Бледный, Захарий стоял тих и недвижим – он, наверно, был вне себя.
– Да не кричи ты, Гриц, не надо, – хмурясь, укорил Захарий и медленно побрел в сторону штабного барака.
– Во, – мрачно произнес Гриц, – видал, как двадцать рокив тяжко тягнуть.
Явился Захарий в барак часа через два. Где он был, что делал – этим никто не поинтересовался.
– Как, Захарий, верно ли? – окликнул я его от умывальника.
Захарий резко оглянулся, кивнул в ответ и так же молча скользнул в секцию.

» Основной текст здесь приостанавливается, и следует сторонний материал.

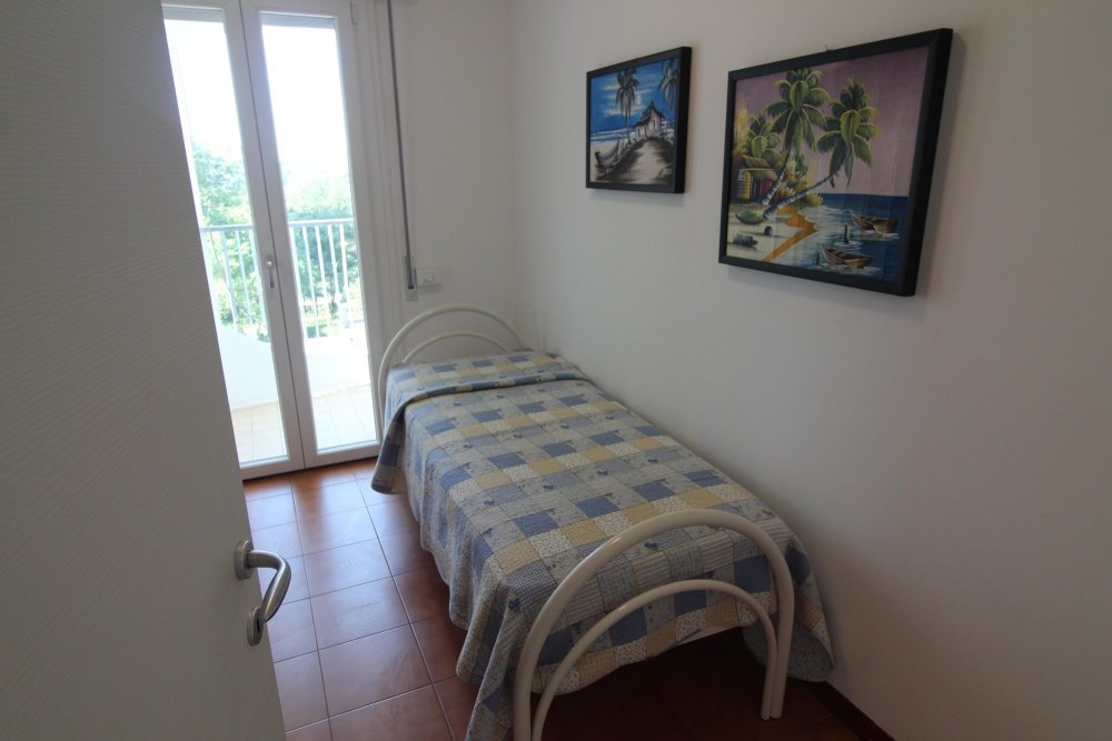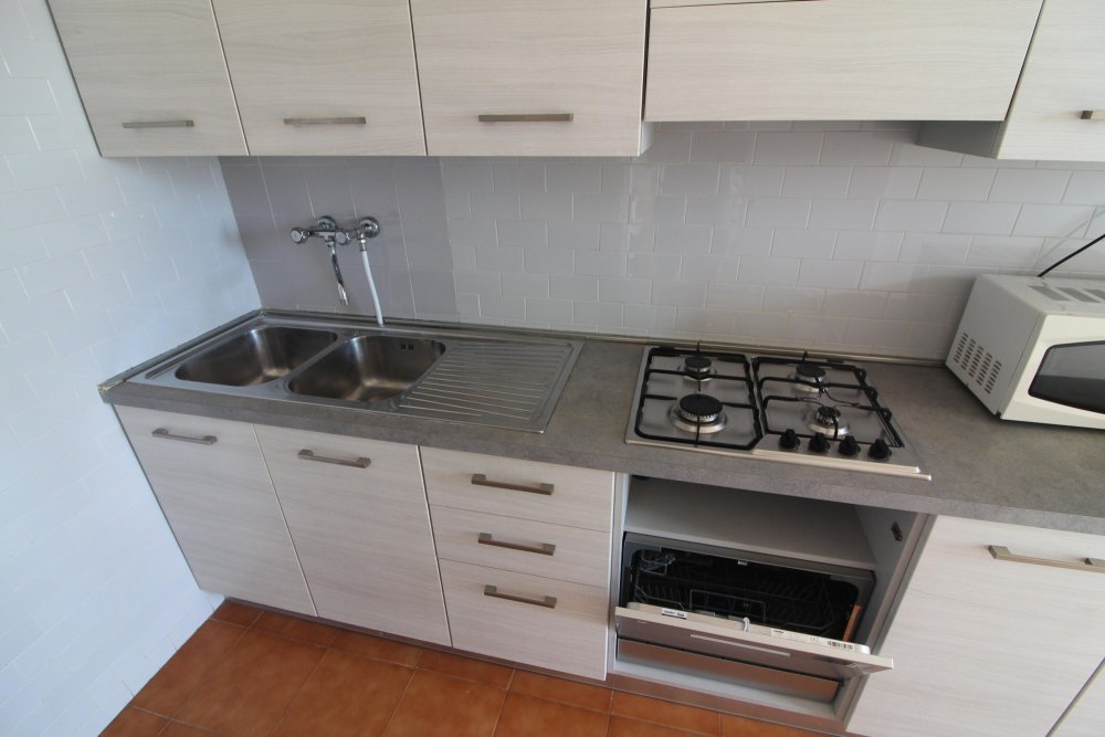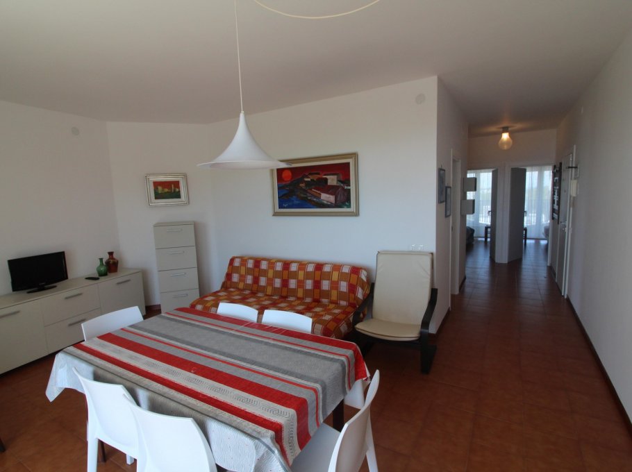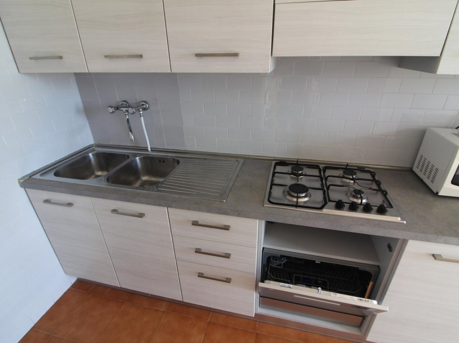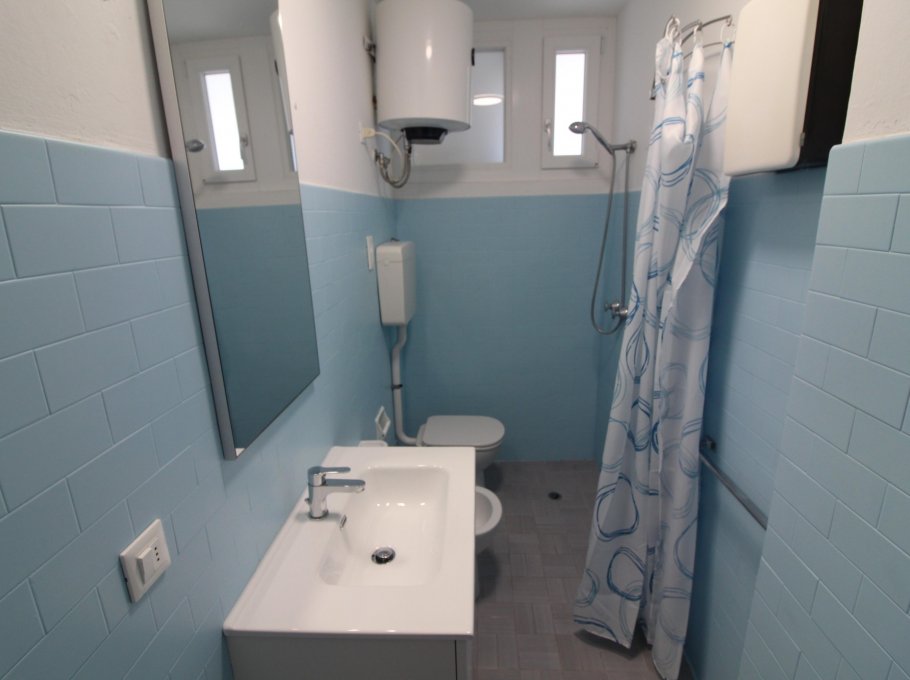 Type D: the apartment lies on the 5th floor and is composed of living-dining room with sofa-bed, kitchen, 1 double bedroom, 1 bedroom with two single beds, 1 single bedroom, 1 bathroom with shower/WC, 1 completely new bathroom, balconies with garden furnishings and seaview. For 6 people. Ideal for families with children - TV - washing machine - dishwasher - air conditioner - microwave oven. Beach service (1 sun umbrella, 1 sun chair and 1 sun bed) provided on request and subject to availability. Energy calass E ( 251,42 kWh/sq m year). CIN: IT030049C2HP55I2UK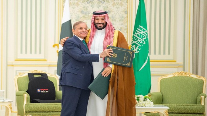 والاتفاقية التي وقعها ولي العهد الأمير محمد بن سلمان بن عبد العزيز آل سعود، ورئيس وزراء باكستان محمد شهباز شريف، تنص على أن أي اعتداء على أي من البلدين هو اعتداء على كليهما.

Не знаю, что творилось в его душе, в сердце его. В такие минуты стыдно лезть с вопросами. Какое-то время устало или обреченно он сидел на своей табуретке. Затем принес из каптерки крепкий фанерный чемодан с алюминиевыми, из миски, наугольниками, с плетеной ременной ручкой. Все в чемодане было аккуратно сложено, все на месте, но, видимо, ничего нужного за пределами зоны. Он посмотрел в тумбочке, заглянул в постель – тоже ничего. Все есть – и ничего нет. Побросав тряпки в чемодан, он задвинул его под лежачок. И все – Захарий был готов. И если бы пришел надзиратель и позвал на вахту для освобождения, Захарий, наверно, встал бы в чем есть – и пошел бы. Но это должно было случиться только утром.
Когда пришли бригады, вокруг Грица поднялся невероятный галдеж: кто-то радовался, мол, начинается пересмотр дел; кто-то сокрушался: надо же – на год оставаться; а кто-то ржал, вскрикивая: то тебе, бугор, год для удовольствия, а то враз и отвалишь!
Когда же выяснилось, что по чистой освобождается Захарий, начались поиски: Захарий, Захарий! – но Захария не было. Решив, что пошел мужик с каторжанами прощаться, в секции поутихли, а вскоре и вовсе замолчали. При массовом нервном ликовании меня охватила тоска, и я отправился на «китайку» заварить чайку из бригадировой полупачки.
К вечеру с северо-запада подул ветер. Небо заволокло тучами, труснуло мелким дождем, но уже скоро ветер поутих, потеплело… Встретился поэт Красильников, он тоже подваривал чаек, и мы пристроились под навесом подле «китайки». Слово за словом, глоток за глотком – и не заметили, как накатились пасмурные сумерки. А вот и по рельсе брякнули – отбой.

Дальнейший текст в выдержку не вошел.